Science in Motion North Allegheny Senior High School did not take advantage of a state program called Science in Motion which brought college professors and sophisticated science equipment to the school to raise science awareness and to provide inquiry-based experiences for the students. The Science in Motion program was funded by a state appropriation and cost the school nothing to participate. Westminster College provided the science enrichment experiences to schools in the region.
In 2013, North Allegheny School District students took the SAT exams. The District's Verbal Average Score was 571. The Math average score was 588. The Writing average score was 568. The College Board reported that statewide scores were: 494 in reading, 504 in math and 482 in writing. The nationwide SAT results were the same as in 2012.

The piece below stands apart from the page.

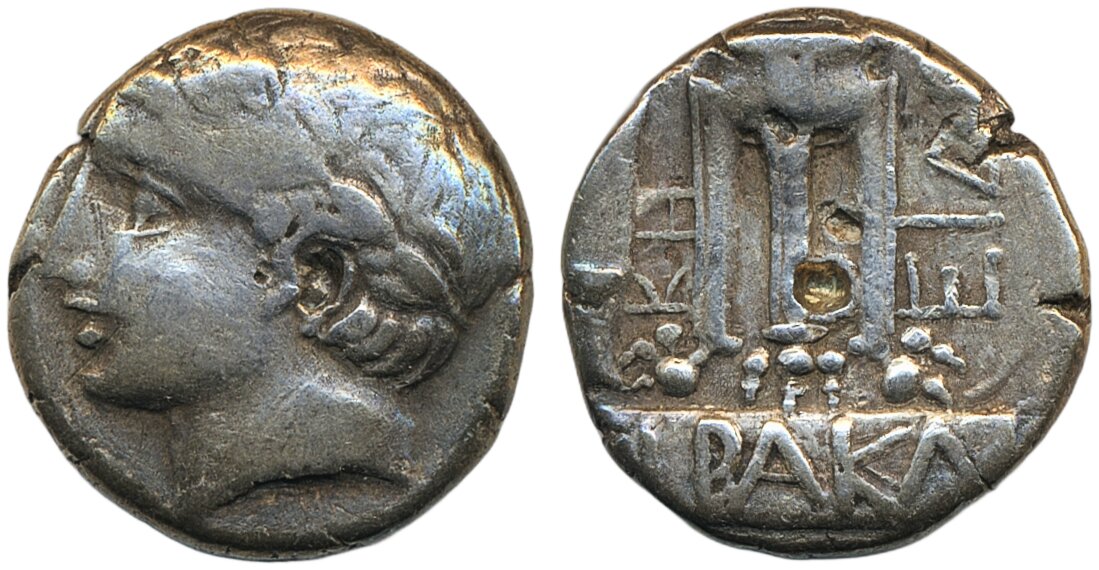 Coins, Ancient, Greek coins. Illyria, Damastion. Tetradrachm, 13.10 g. Laureate head of Apollo facing left / Tripod with lions feet on broad, inscribed base. SNG Cop 553, Ahsmolean 3320. Ex. Bruun Rasmussen. F-VF.

In 2012, 572 North Allegheny School District students took the SAT exams. The District's Verbal Average Score was 566. The Math average score was 582. The Writing average score was 557. The statewide Verbal SAT exams results were: Verbal 491, Math 501, Writing 480. In the USA, 1.65 million students took the exams achieving scores: Verbal 496, Math 514, Writing 488. According to the College Board the maximum score on each section was 800, and 360 students nationwide scored a perfect 2,400.
In 2011, 567 students at North Allegheny School District took the SAT exams. The district's Verbal Average Score was 563. The Math average score was 577. The Writing average score was 554. Pennsylvania ranked 40th among states with SAT scores: Verbal - 493, Math - 501, Writing - 479. In the United States, 1.65 million students took the exam in 2011. They averaged 497 (out of 800) verbal, 514 math and 489 in writing.

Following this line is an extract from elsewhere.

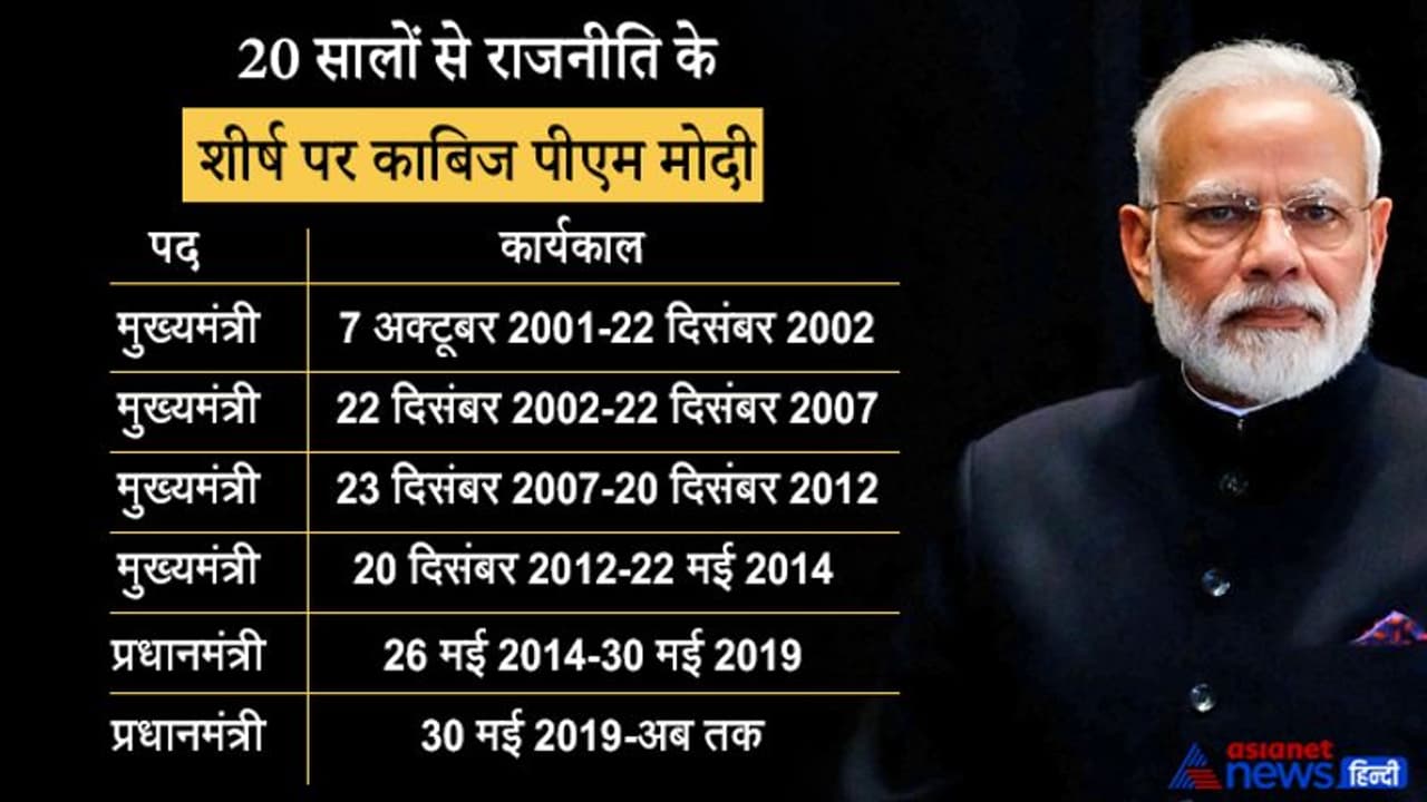 प्रधानमंत्री नरेंद्र मोदी (PM Narendra Modi) बुधवार 7 अक्टूबर को चुनी हुई सरकार के मुखिया के रूप में 20 वीं साल में प्रवेश कर लिया है। वे 2001 से 13 साल तक गुजरात के मुख्यमंत्री रहे। 2014 से अब तक प्रधानमंत्री हैं। भारतीय राजनीति के इतिहास में पीएम ने राज्य और केंद्र सरकारों के प्रमुख के तौर पर अपनी अहम भूमिका निभाई है।

In 2013, North Allegheny Senior High School offered 18 Advanced Placement (AP) courses at a higher cost than regular courses. Students have the option of taking College Board approved courses and then taking the College Board's examination in the Spring. Students, who achieve a 3 or better on the exam, may be awarded college credits at US universities and colleges. Each higher education institution sets its own standards about what level of credits are awarded to a student based on their AP exam score. Most higher education give credits for scores of 4 or 5. Some schools also give credits for scores of 3. High schools give credits towards graduation to students who take the school's AP class. At North Allegheny Senior High School 100% of students who took an AP course earned a 3 or better on the exam.
Intermediate High School
North Allegheny Intermediate High School is located at 350 Cumberland Road, Pittsburgh. According to the National Center for Education Statistics, in 2014, the school reported an enrollment of 1,415 pupils in grades 9th and 10th, with 46 pupils eligible for a federal free or reduced-price lunch. The school employed 95 teachers, yielding a student–teacher ratio of 13:1. According to a report by the Pennsylvania Department of Education, 100% of its teachers were rated "Highly Qualified" under No Child Left Behind.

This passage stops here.